Thu Nov 20 16:41:20 MST 2014

On Thu, 20 Nov 2014 15:24:39 -0800, Richard Sharpe
<realrichardsharpe at gmail.com> wrote:

> Hmmm, so the essential abstraction here is that any node that is no
> longer a member of the cluster (because it can't get a lock on that
> file) cannot try to run recovery. Ie, in ctdb_recovery_lock we try to
> open the recovery lock file and then take out a lock on it.
> 
> The first should/will fail if we are no longer a member of the cluster
> and the second will fail if the cluster properly supports fcntl locks
> but another recovery daemon has already locked the file ...

No, only the recovery master can hold the recovery lock.  Other nodes
would not be able to take the lock but they are still cluster members.

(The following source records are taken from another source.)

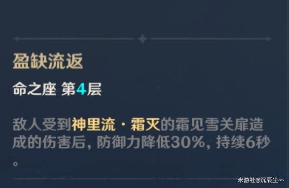 描述: 敌人受到神里流•霜灭的霜见雪关扉造成的伤害后,防御力降低30%,持*6*。
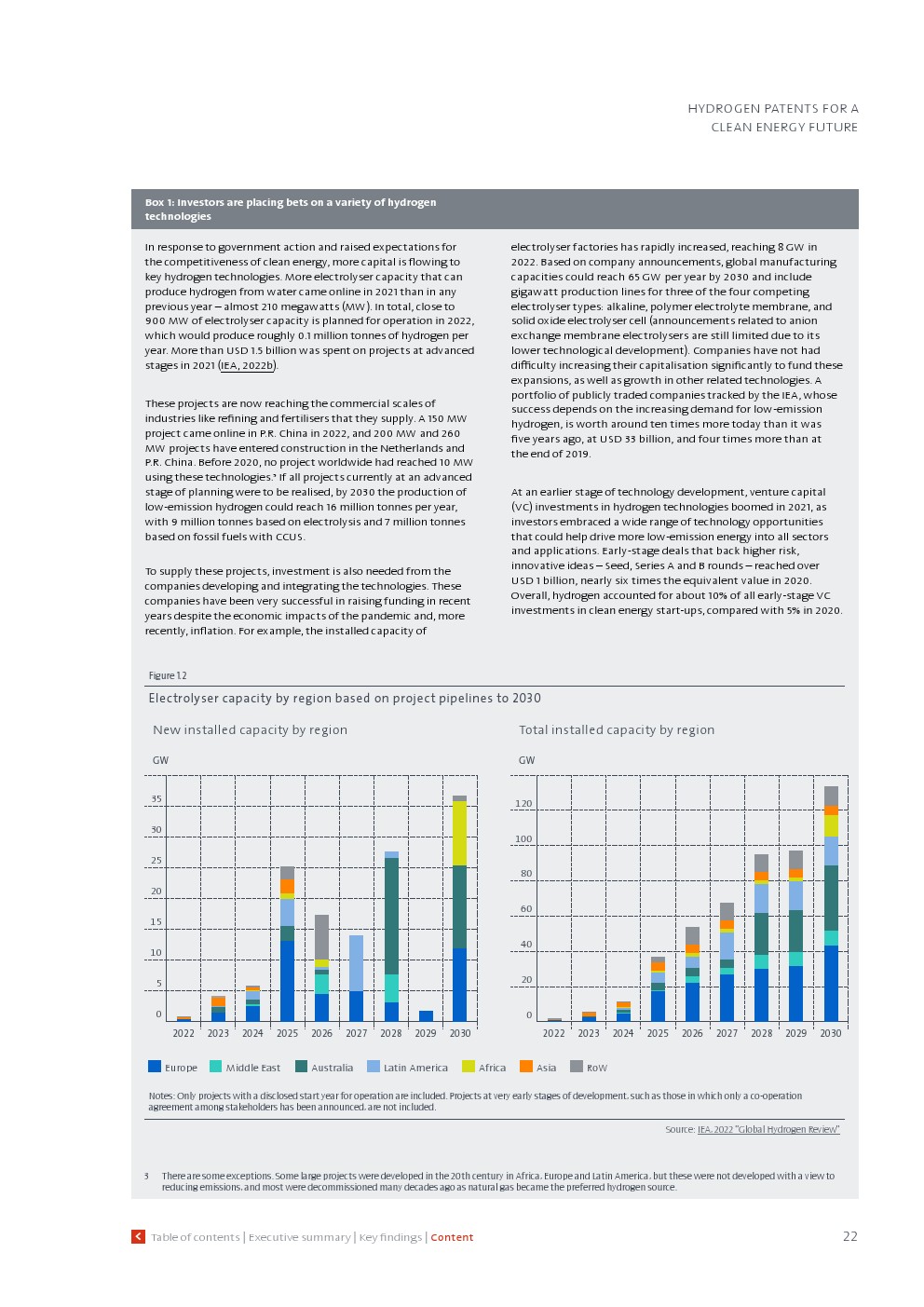 2020年,受气候问题驱动的技术占与制氢相关的所有专利的近 80%,其增长主要是由电解创新的急剧增加推动的。 最具创新性的地区现在正在竞相举办第一个工业推广阶段,数据表明欧洲作为投资新电解槽制造能力的区域正在获得优势。
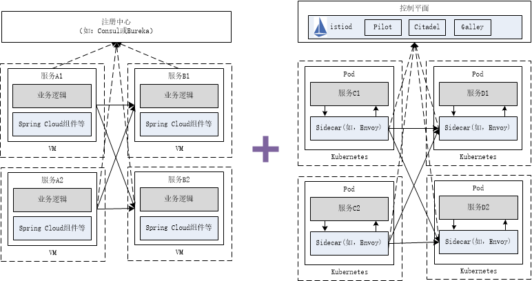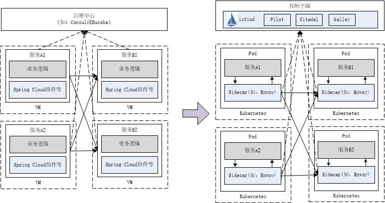 目前开源 Istio 已经成为 Service Mesh 事实上的标准,更是新一代微服务架构发展的趋势,因此公司希望尝试迁移到 Istio 框架,希望最终形成类似下图右边部分。

Cluster membership is defined by being connected to the node that is
currently the recovery master.  That is, nodes that the recovery master
knows about (i.e. connected) and are active (i.e. not stopped or
banned) will take part in recovery.

If a node becomes disconnected then it will try to become the recovery
master of its own cluster.  If it can take the recovery lock then it is
allowed to do that.

So the recovery lock simply helps to stop a split brain where there are
multiple independent clusters operating independently.  Each would have
a different cluster database so would have inconsistent ideas of, for
example, locking.tdb... and this can obviously lead to file data
corruption.

peace & happiness,
martin